Does coffee cause cancer? Scientists still unsure, WHO reports

An extensive evaluation of coffee's cancer-causing risk, that resulted in a reclassification, but did not prove the beloved beverage's safety, was released by the World Health Organization (WHO) Wednesday.

"Overall coffee drinking was evaluated as unclassifiable as to its carcinogenicity to humans," the report said.

Some studies showed coffee had no effect on pancreatic, breast and prostate cancers; however, for 20 other cancers, the evidence was inconclusive.

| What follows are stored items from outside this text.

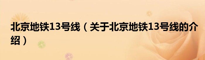 1、北京地鐵13號線(Beijing Subway Line 13),原稱北京城市輕軌鐵路,是中國北京市第三條建成運營的城市軌道交通線路,于2002年9月28日開通運營,標(biāo)志色為藤黃色。
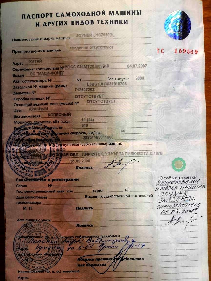 вы там недалекие совсем, вы аннулировали полис настоящий с верными данными, вот вам Паспорт самоходной машины на него, это не легковой автомоибль, на легковой выдается ПТС, а не ПСМ
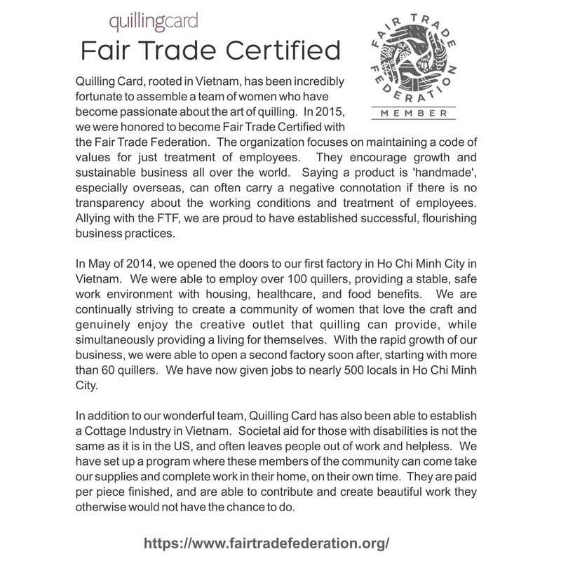 - Experience the ancient art of "Quilling" with a beautifully hand-crafted quilled greeting card. Rolled strips of different colored paper makes for a 3-dimensional design (USE ZOOM FEATURE TO SEE DETAIL). Hand-made under strict Fair Trade Federation guidelines.
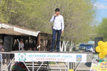 Открытие Весенней Недели Добра состоялось 22 апреля в день проведения общегородского субботника. В парке культуры и отдыха был организован экологический субботник, в котором приняли участие 145 учащихся профессиональных образовательных организаций города. Ребята не только провели уборку на отведенной им территории парка, но и очистили от бытового мусора берег реки Сырдарьи. В этот же день, 25 студентов совместно с инспекторами ОУУиПДН УМВД России на комплексе «Байконур» провели акцию «Стоп продавец. Соблюдай закон», распространив в магазинах города плакаты с информацией о запрете продажи алкоголя и табака несовершеннолетним. А студенты филиала «Восход» МАИ приняли участие в акции «Молодежь за чистый город», расклеив на информационных стендах города мотивационные листовки с обращением к жителям соблюдать чистоту и порядок.
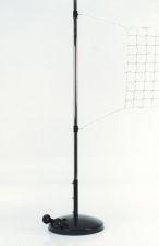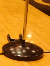| This unit comes with one heavy duty steel base with vinyl edge guard and no-mark wheels, one plated steel upright, which reaches to a height of 8.5 ft., and two multi-purpose ring slides for adjustable height and varied uses. The base, when empty, is light enough for a UPS shipment but may be filled with sand, concrete or other material for more stationary use.
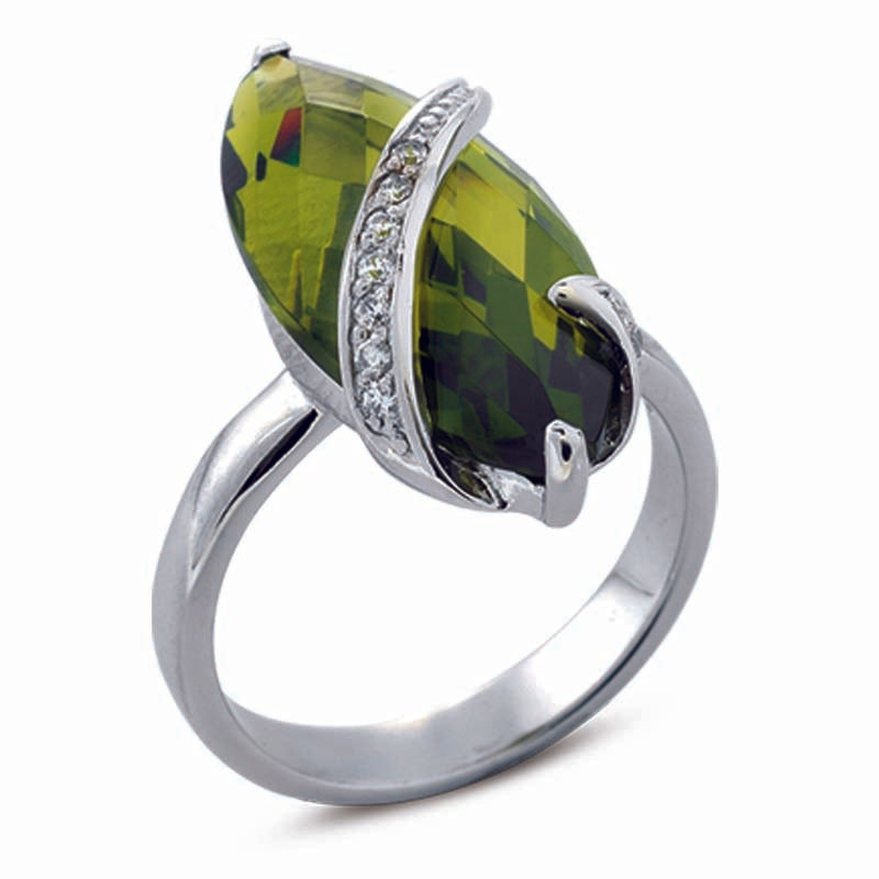 Sterling silver ring with a multi-faceted marquee shaped olive color cz.

The experts also looked at mate and very hot beverages overall.

The 23 scientists who made up the International Agency for Research on Cancer (IARC), the WHO's cancer agency, looked at over 1,000 human and animal studies.

Many studies looked at research participants' coffee drinking habits over a number of years and whether they developed cancer. The majority of the studies did not distinguish between different ways of preparing or different kinds of coffee.

Although data for coffee remained inconclusive, experts did find that "drinking very hot beverages probably causes cancer of the oesophagus in humans."

Worldwide oesophageal cancer is the eighth most common cause of cancer.

"It is the temperature, rather than the drinks themselves, that appears to be responsible." said IARC Director Christopher Wild. Very hot beverages are defined as 65 degrees celsius or hotter.

A summary of the evaluations, which includes carcinogenicity classifications, was published in the Lacet Oncology.